Task directions — Please restate word for word all lines from the one containing "奇瑞QQ友友们还记得吗?停产12年后复产了,大家希望是油车还是电车[大..." to the final line of the entries, and include no pictures.

Segment Open

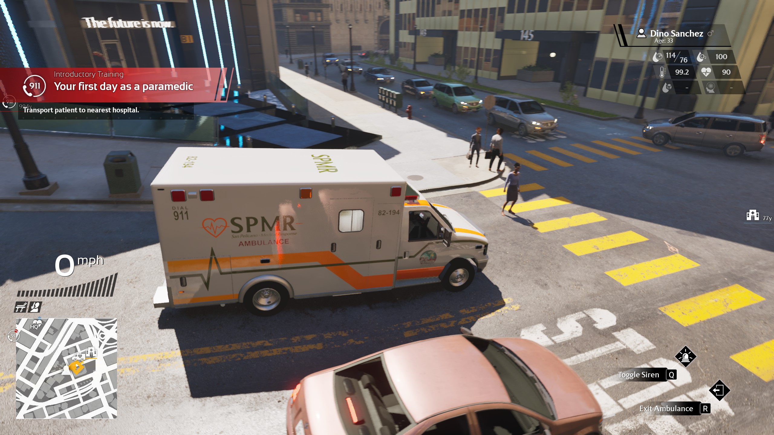Glavna petlja igranja je jednostavna: primite poziv iz dispečerskog centra, jurnete na mjesto nesreće, dijagnosticirate i tretirate ozlijeđene, a zatim ih transportirate u bolnicu. Vožnja u ovoj igri je prolazna, glavni problem leži u tome što je skretanje jako loše, ali vjerno oponaša fizike vozila. Međutim, umjetna inteligencija je također vrlo loša. Automobili se pomalo pomiču kad čuju sirenu, ali često vas ostavljaju da se provlačite kroz uske prolaze ili ostanu zaglavljeni na vječno crvenom svjetlu. Osim toga, uopće ne reagiraju gdje im prolazite, nego su programirani samo da se miču na stranu bez obzira gdje se vi nalazite.
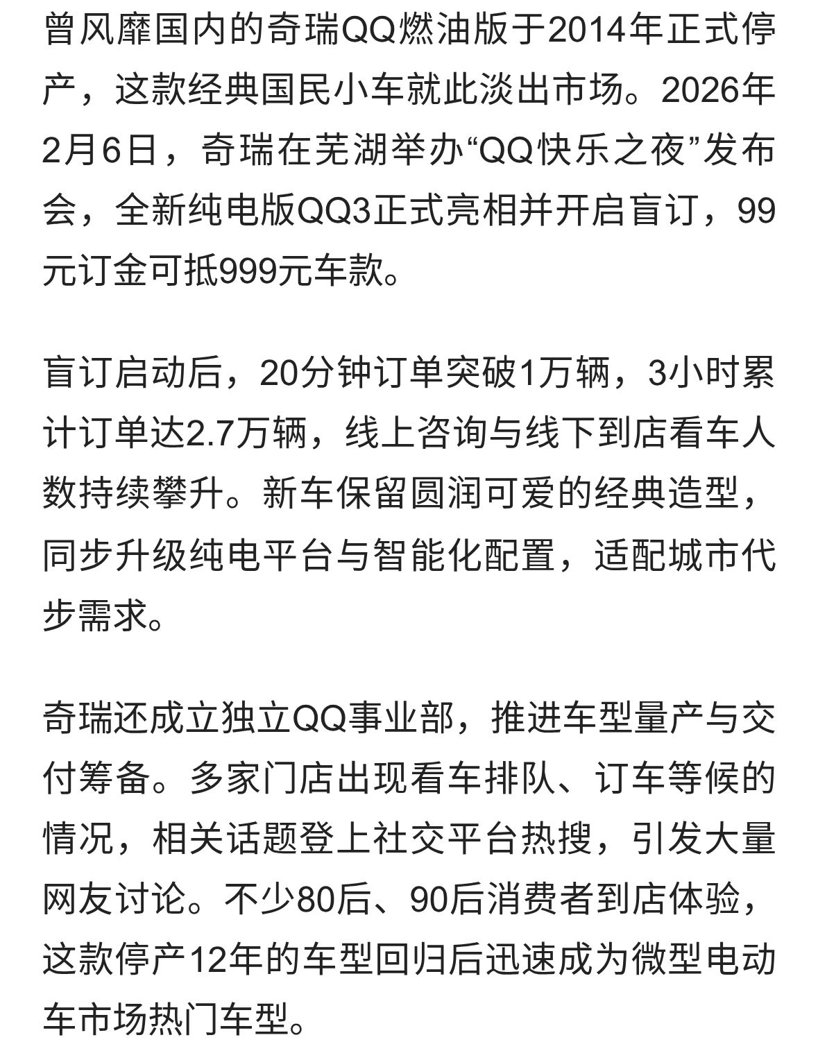 奇瑞QQ友友们还记得吗?停产12年后复产了,大家希望是油车还是电车[大...
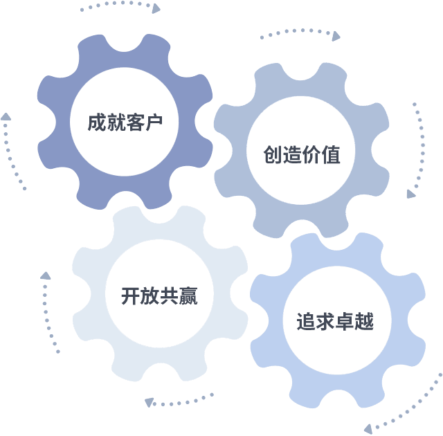 成就客户是一切决策的出发点,,创造价值是衡量所有工作的标准,,,追求卓越是我们做事做人的态度,,,,开放共赢是我们的格局也是最终的结果。。价值观的齿轮环环相扣,,推动着组织里的每个人不断向前。。
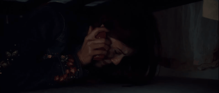 - 침실로 들어가서, 침대 밑에 숨어.
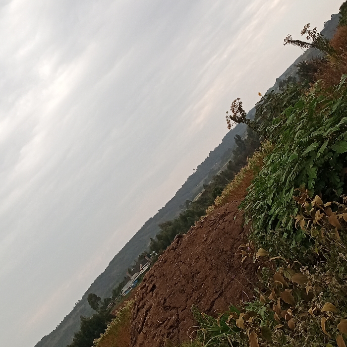 The image depicts a sloping landscape under a cloudy sky. The foreground features dry, cracked earth and dense vegetation, including shrubs and ferns. In the midground, a hillside covered with trees and greenery stretches towards the horizon. The sky is overcast with a uniform layer of clouds. The overall scene appears to be a rural or agricultural setting with a focus on natural elements.

Segment Closed

Result for this task —
 奇瑞QQ友友们还记得吗?停产12年后复产了,大家希望是油车还是电车[大...
 成就客户是一切决策的出发点,,创造价值是衡量所有工作的标准,,,追求卓越是我们做事做人的态度,,,,开放共赢是我们的格局也是最终的结果。。价值观的齿轮环环相扣,,推动着组织里的每个人不断向前。。
 - 침실로 들어가서, 침대 밑에 숨어.
 The image depicts a sloping landscape under a cloudy sky. The foreground features dry, cracked earth and dense vegetation, including shrubs and ferns. In the midground, a hillside covered with trees and greenery stretches towards the horizon. The sky is overcast with a uniform layer of clouds. The overall scene appears to be a rural or agricultural setting with a focus on natural elements.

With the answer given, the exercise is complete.